Saved entries
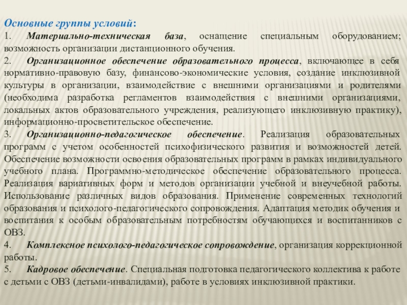 Слайд 10Основные группы условий:
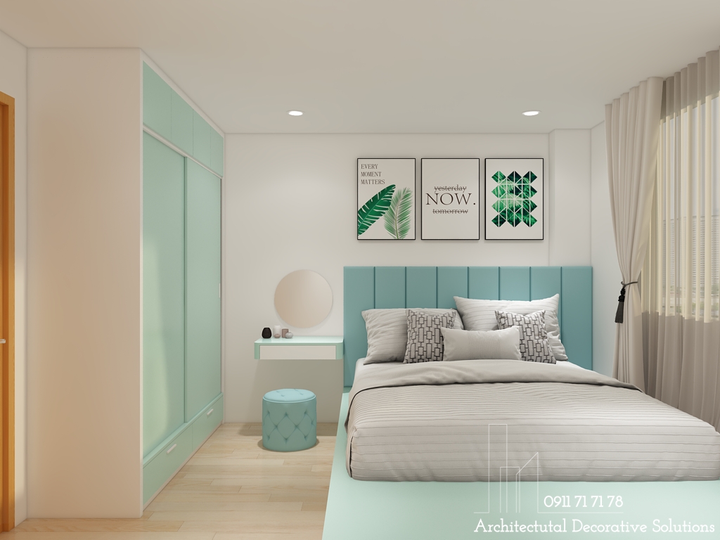 Phòng ngủ với diện tích khiêm tốn nhưng được bố trí nội thất hợp lí và khoa học. Đảm bảo các đồ dùng nội thất cần thiết như giường ngủ, tủ quần áo, bàn trang điểm,... Thiết kế cửa sổ lấy sáng giúp diện tích căn phòng như được cơi nới ra thêm.
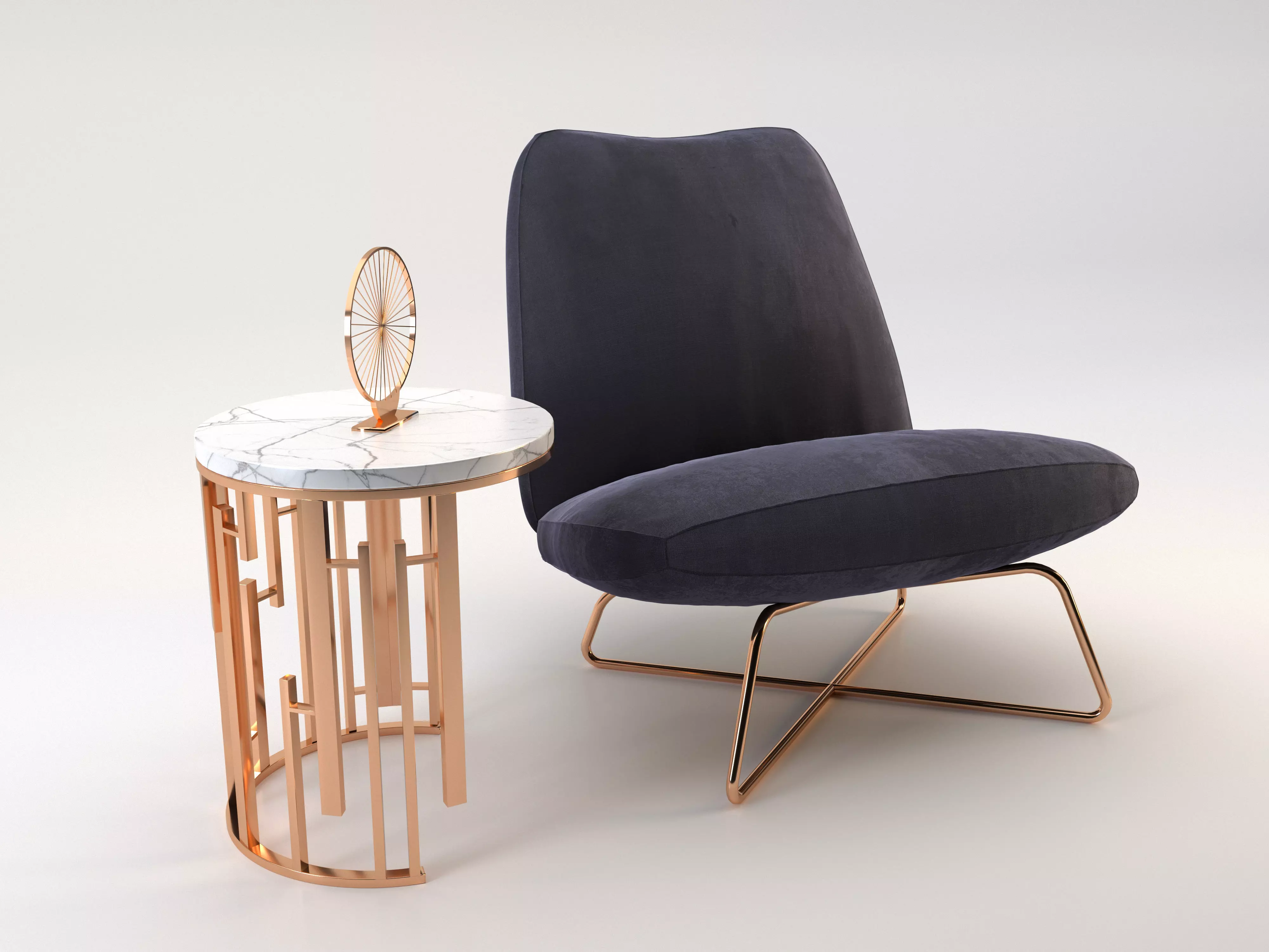 Velvet chair with side table 3D model
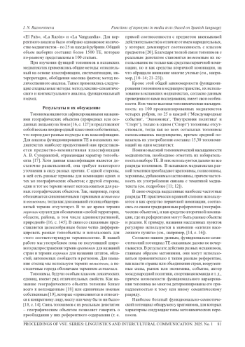 Статья посвящена анализу функций топонимов в испанских медиатекстах. В ней приведены результаты исследования, целью которого было выявить функции, реализуемые топонимами в зависимости от их использования как средства первичной номинации для референции к традиционному реальному денотату (географическому объекту) или как средства вторичной номинации (применительно к единичному или коллективному субъекту на основе метонимических или метафорических переносов). Анализ функционирования топонимов в новостных публикациях из четырех рубрик выявил высокую топонимическую насыщенность испанских медиатекстов. Наиболее частотные классы топонимов демонстрируют более высокий номинативный потенциал и максимальное количество переносов, универсальной является метонимическая формула: «место - жители». Были выделены основные и дополнительные функции топонимов в медиатекстах. К основным функциям относятся адресная или идентифицирующая: при употреблении топонима в прямом значении и в зависимости от формы представления в тексте (самостоятельно, в составе апеллятивно-топотнимического комплекса или с конкретизаторами) реализуется или одна, или другая функция. При употреблении топонима в переносном значении также реализуется идентифицирующая функция. К дополнительным функциям относятся аттрактивная, идеологическая, функция переключения параметров хронотопа, оценочно-характеризующая, текстоорганизующая. Идеологическая функция получает новую трактовку. Текстоорганизующая функция топонимов выделяется впервые применительно к данному классу лексических единиц. При анализе языкового материала применялись описательный метод, метод количественного анализа, метод лексикосемантического и контекстуального анализа, функциональный подход.
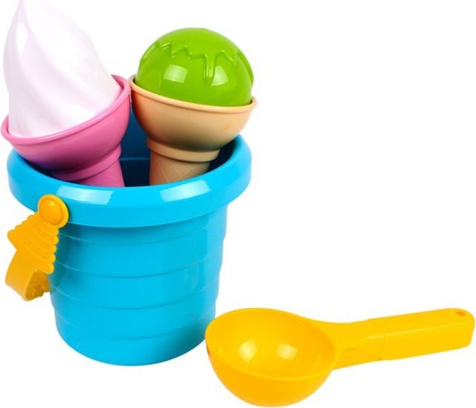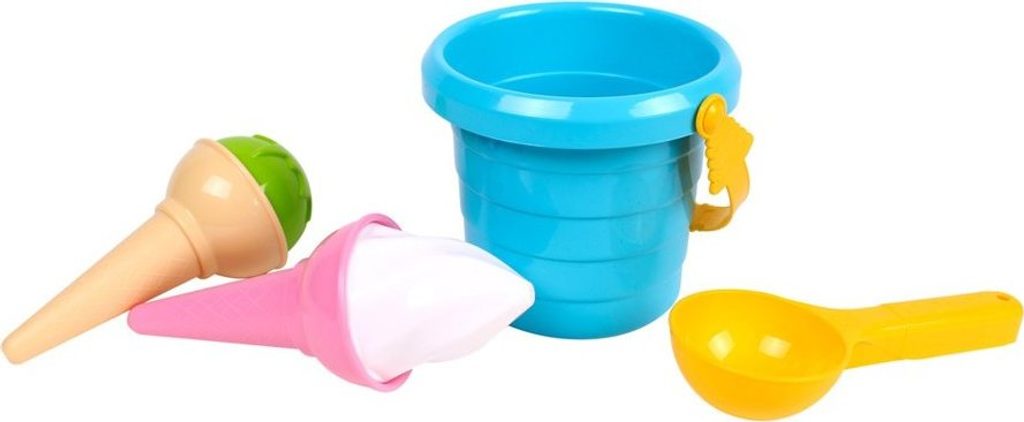 Hurá na pískoviště! Aby na něm byla dobrá zábava, nesmí tam chybět hračky na písek, které patří nepochybně mezi nejoblíbenější venkovní hračky. Sada obsahuje kyblíček, naběračku na zmrzlinu a bábovky v podobě zmrzlinového kornoutu a kopečků.
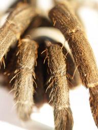 Keywords: spider tarantula arthropod photography hairy mexican redknee tarantula brown orange carapace color image female abdomen studio shot white background legs ground venomous birdman animal
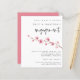 Sakura Cherry Blossom Engagement Invitation. A budget price SMALLER 4.5” x 5.6” alternative. Available in a SEMI-GLOSS 110 lb CARD STOCK which is the default option (thicker for invitations), OR a SATIN FINISH 80 lb THINNER PAPER STOCK (ideal for enclosures). Envelopes are an optional extra and are slightly larger than the card size. Modern minimalist style with a single branch of Sakura florals across the page from the left hand side. Engagement is set in an informal handwriting style and is placed above the leaves along with your names, with the other details beneath. Easily personalise the details to your own. A coordinating Dusty pink background is on the reverse. You can change text and background colors to any of your choice to match your wedding color theme.
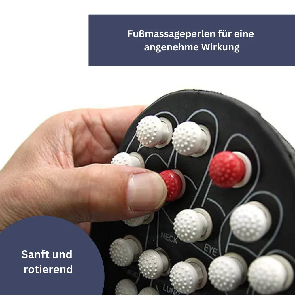 Das wasserdichte Obermaterial schützt vor Feuchtigkeit, während die drehbaren Massageperlen eine gezielte Fußmassage bieten.
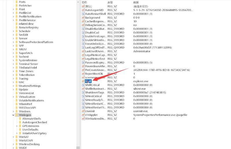 3.選中Winlogon,在右側(cè)找到Shell,并雙擊它打開編輯字符串
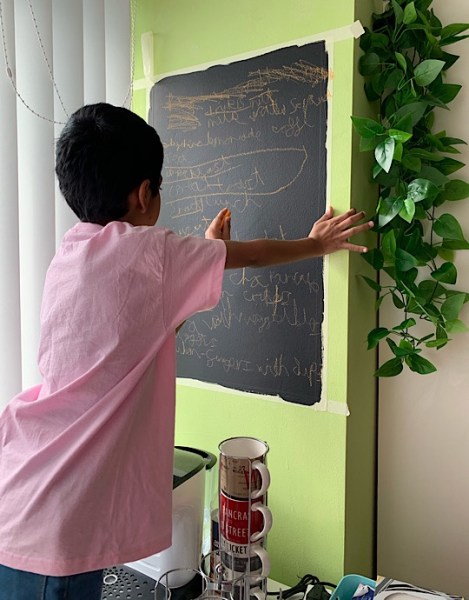 One Sunday we decided to finally paint our ‘Flamingo’s Amazing Costa’ corner. The kids did the green. I added the chalkboard in the night. The next morning Tyler was already writing on it before I had woke up – the masking tape was still on then.
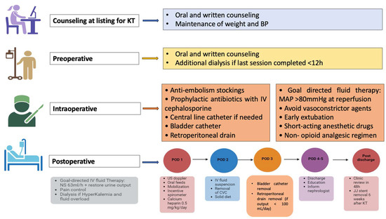 - Espino, K.A.; Narvaez, J.R.F.; Ott, M.C.; Kayler, L.K. Benefits of multimodal enhanced recovery pathway in patients undergoing kidney transplantation. Clin. Transplant. 2018, 32, e13173. [Google Scholar]
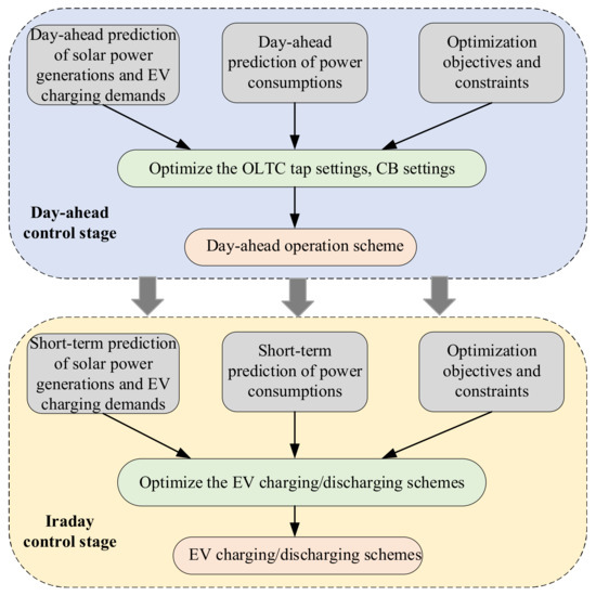 The conventional voltage regulation resources in distribution networks include the OLTC transformers and the shunted CBs, which are featured by slow response and limited daily action times. By contrast, PVs and EVs are connected to the grid via power electronic converters, making them capable of real-time controlling their reactive powers. To fully exploit the voltage control capability of EVs and PVs, a two-stage coordinated EV and PV control scheme for the grid voltage regulation is proposed in this section, with its general framework illustrated in Figure 9. The coordinated EV and PV control scheme is divided into two stages-the day-ahead control stage and the intraday control stage, which will be discussed in the following subsections.
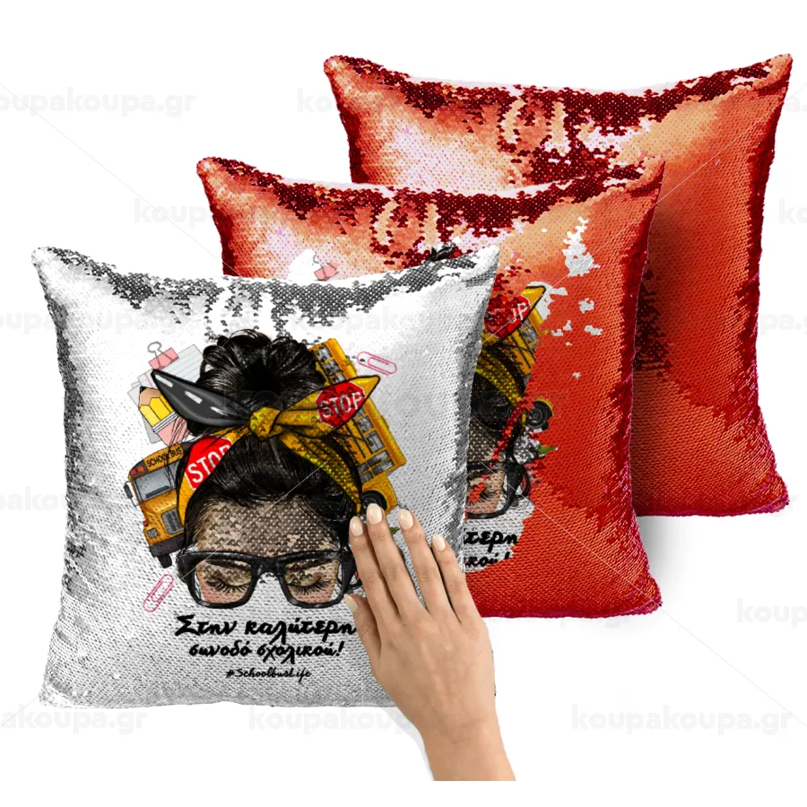Στην καλύτερη συνοδό σχολικού!, Μαξιλάρι καναπέ Μαγικό Κόκκινο με πούλιες 40x40cm περιέχεται το γέμισμα
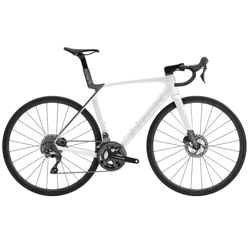 Caractéristiques techniques : - Cadre : Carbone OCLV Série 500, IsoSpeed avant & arrière, espace de rangement interne BITS, douille de direction conique, acheminement interne des câbles, mât de selle à micro-réglage, maintien de chaîne 3S, compatible DuoTrap S, fixations pour garde-boue, freins à disque à fixation Flat-Mount, axe traversant 142x12 mm - Fourche : Domane SL carbone, pivot conique carbone, acheminement interne des câbles de frein, fixations pour garde-boue, freins à disque à fixation Flat-Mount, axe traversant 12x100 mm - Pédalier : Shimano Ultegra R8000 - Boitier de pédalier : Praxis, T47 fileté, roulement interne - Cassette : Shimano Ultegra HG800-11, 11-34, 11 vitesses - Chaine : Shimano Ultegra HG701, 11 vitesses - Dérailleurs avant/arrière : Shimano Ultegra R8000 - Poignées : Shimano Ultegra R8020, 11 vitesses - Freins : - Cintre : Bontrager Elite IsoZone VR-SF, alliage, 31,8 mm, acheminement interne, profondeur de 75 mm, hauteur de 128 mm - Tige de selle : Tête de mat de selle carbone Bontrager, fixation intégrée pour feu, déport de 20 mm - Potence : Bontrager Pro, 31,8 mm, compatible Blendr, 7 degrés - Selle : Bontrager Arvada Comp, rails en acier, largeur de 154 mm - Roues : Bontrager Paradigm Comp 25, Tubeless Ready, largeur de jante de 25 mm, corps de roue libre Shimano 11 vitesses, axe traversant 142x12 mm / 100x12 mm - Pneus : Bontrager R2 Hard-Case Lite, tringle en aramide, 60 tpi, 700x32C - Coloris : Couleur / Matte/Gloss Trek Black - Poids : 9.22 kg (T:56) - Tailles : 47 / 50 / 52 / 54 / 56 / 58 / 60 / 62 cmCe vélo présente un poids total maximal de 125 kg (comprenant le poids du vélo, du cycliste et de transport).
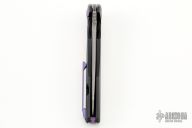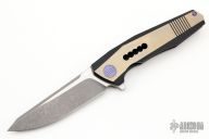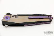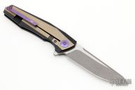 This framelock flipper by WE Knife features a two-tone blade with notched thumbrest and flipper. The handle has a milled and anodized titanium frame with anodized hardware. Rides on bearings, nice detent, lockup and blade seating. Has some scratches, otherwise excellent condition.
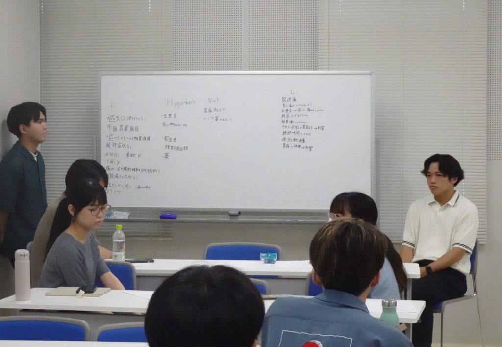 ハワイ大学・佐賀大学などで活用されているProblem based Learning形式で、腹痛患者のシナリオから考えられることに皆で取り組みました
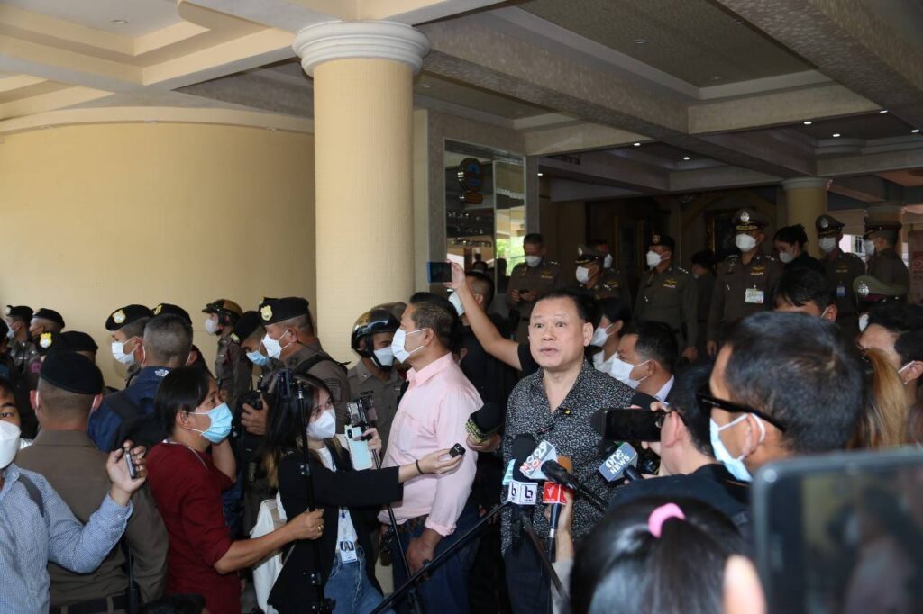 หลังจากที่ถูกต่อว่าอย่างหนักท่ามกลางสื่อมวลชนและตำรวจ นายสันธนะฯ เริ่มหมดความอดทนและตะโกนด่านายชูวิทย์ฯ ว่า จะไม่ยอมให้นายชูวิทย์ฯ ต่อว่าอย่างเสียศักดิ์ศรี และจะดำเนินคดีข้อหาหมิ่นประมาท นายชูวิทย์ฯ ก็ท้าทายอย่างต่อเนื่อง สุดท้ายเจ้าหน้าที่ตำรวจก็ได้ขอให้ นายสันธนะฯ เดินทางกลับไปก่อน
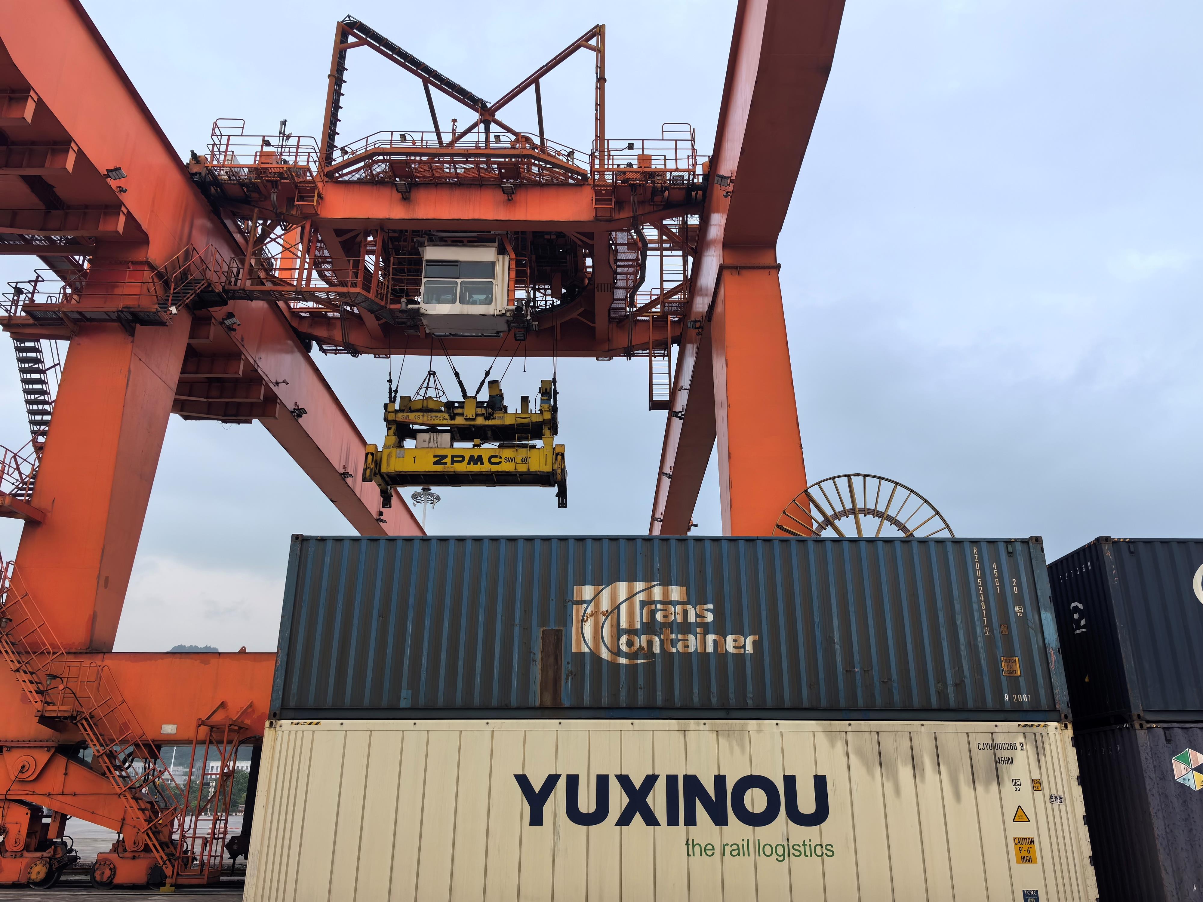 重慶國際物流樞紐園區(qū)內(nèi),中歐班列運送的“渝新歐”集裝箱整齊排列。(總臺央廣記者潘毅拍攝)
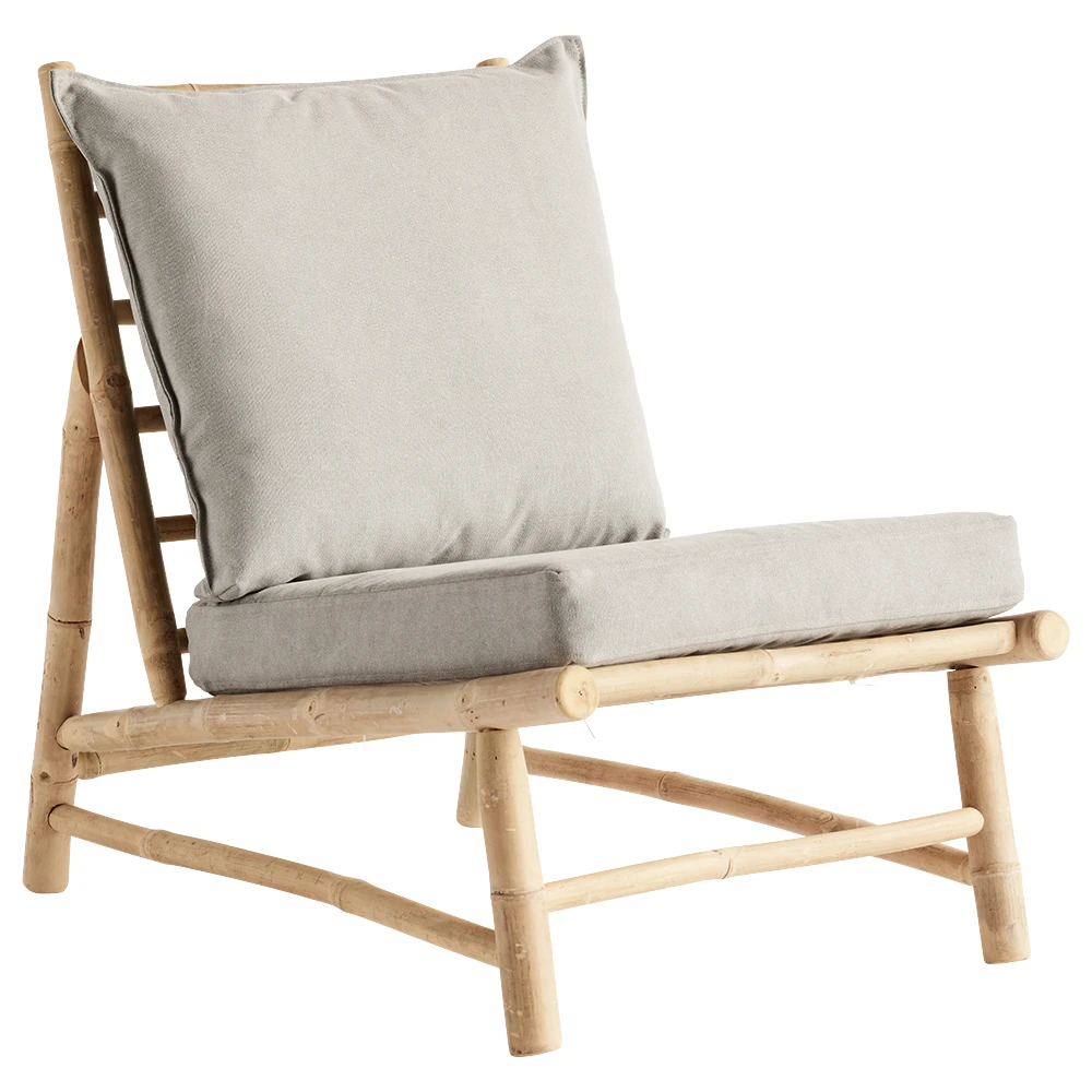 Krzesło bambusowy Tine K Home to propozycja do salonu, sypialni lub garderoby, ale też na zewnątrz, na taras lub do ogrodu. Bardzo wygodny i komfortowy, nawet podczas długiego siedzenia. Szare poszycie łatwo wkomponować w przestrzeń, a także zestawić z innymi meblami. Z tej samej serii są też kanapy i leżaki, można więc urządzić rodzinny salon lub taras, idealne do spędzania wspólnie czasu. To mebel wykonany ręcznie i bardzo starannie. Bambus jest twardy i wytrzymały, a jednocześnie lekki, więc krzesło można przenosić z miejsca na miejsce.

Work item
Every line above between the one containing "Keywords: spider tarantula" and the one containing "One Sunday we", those two included, is to be printed exactly. No pictures go into the copy.

Task output
 Keywords: spider tarantula arthropod photography hairy mexican redknee tarantula brown orange carapace color image female abdomen studio shot white background legs ground venomous birdman animal
 Sakura Cherry Blossom Engagement Invitation. A budget price SMALLER 4.5” x 5.6” alternative. Available in a SEMI-GLOSS 110 lb CARD STOCK which is the default option (thicker for invitations), OR a SATIN FINISH 80 lb THINNER PAPER STOCK (ideal for enclosures). Envelopes are an optional extra and are slightly larger than the card size. Modern minimalist style with a single branch of Sakura florals across the page from the left hand side. Engagement is set in an informal handwriting style and is placed above the leaves along with your names, with the other details beneath. Easily personalise the details to your own. A coordinating Dusty pink background is on the reverse. You can change text and background colors to any of your choice to match your wedding color theme.
 Das wasserdichte Obermaterial schützt vor Feuchtigkeit, während die drehbaren Massageperlen eine gezielte Fußmassage bieten.
 3.選中Winlogon,在右側(cè)找到Shell,并雙擊它打開編輯字符串
 One Sunday we decided to finally paint our ‘Flamingo’s Amazing Costa’ corner. The kids did the green. I added the chalkboard in the night. The next morning Tyler was already writing on it before I had woke up – the masking tape was still on then.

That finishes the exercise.